Redirection rules must be crafted somewhat carefully, still. In the above example, the second line checks whether the client is a CoralCDN proxy and thus should be served directly. Otherwise, a redirection loop could be formed. Numerous server misconfigurations have omitted such checks; thus, CoralCDN proxies check for potential loops and return errors if present. Amusingly, some early users during CoralCDN’s deployment caused recursion in a different way. By submitting URLs with many copies of nyud.net appended to the hostname suffix:

   http://example.com.nyud.net.nyud.net....nyud.net/

they created a form of amplification attack against CoralCDN. This single request caused a proxy to issue a number of requests, stripping the last instance of nyud.net off in each iteration. Such requests are now rejected.

While the above dynamic rewriting rules apply for all content, other sites incorporate URL Coralization in more inventive ways:

   RewriteCond %{HTTP_REFERER slashdot\.org [NC]
   RewriteCond %{HTTP_REFERER digg\.com [NC,OR]
   RewriteCond %{HTTP_REFERER blogspot\.com [NC,OR]

Combined with the above, these rules redirect clients to CoralCDN if and only if the requester originates from particular high-traffic portals. In Apache, such rules can be specified in .htaccess files and thus do not require administrative privileges. Other sites have even combined such tools with server plugins that monitor server load and bandwidth use, so that their servers only start rewriting requests under high load conditions.
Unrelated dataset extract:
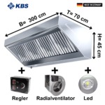 Premium Wandhaube- 300 x 70 cm – mit Motor, Regler, Filter & Lam...Wandhaube – 260 x 70 cm – mit Flammschutzfilter & Lampe

These examples have shown users innovate with CoralCDN’s simple interface, which can be accessed like any other URL resource. We have even recently seen Coralized URLs being dynamically constructed within client-side Flash ActionScript. Indeed, CoralCDN’s most popular domain as of January 2009 was a Tamil imitation of YouTube that loads Coralized URLs from Flash animations of “recently watched” videos.

An Elastic Computing Resource

One of the most interesting aspects of these developments has been the adoption of CoralCDN as an elastic resource for content distribution, long before the term “cloud computing” was popularized and Amazon began offering CDN and other “surge” services.  Through completely automated means, work can get dynamically expanded out to use CoralCDN when websites require additional bandwidth resources, and contracted back when flash crowds abate. Still without prior registration, sites can even specify between several options on how they would like CoralCDN to handle their requests. X-Coral-Control headers returned by webservers provide in-band signaling and are saved as cache meta-data, such as whether to “redirect home” when domains exceed their bandwidth limits (per our previous post). But again, this type of control illustrates CoralCDN’s interface as a programmable API.

Admittedly, CoralCDN can provide free service (and avoid registration) because it operates on a deployment platform, PlanetLab, comprised of volunteer research sites.  On the flip side, CoralCDN’s popularity led it to quickly overwhelm the bandwidth resources allocated to PlanetLab by affiliated sites, leading to the fair-sharing mechanisms we described earlier.  My next (and final) post about our experiences with CoralCDN asks whether we should just move off a trusted platform like PlanetLab and accept untrusted operators.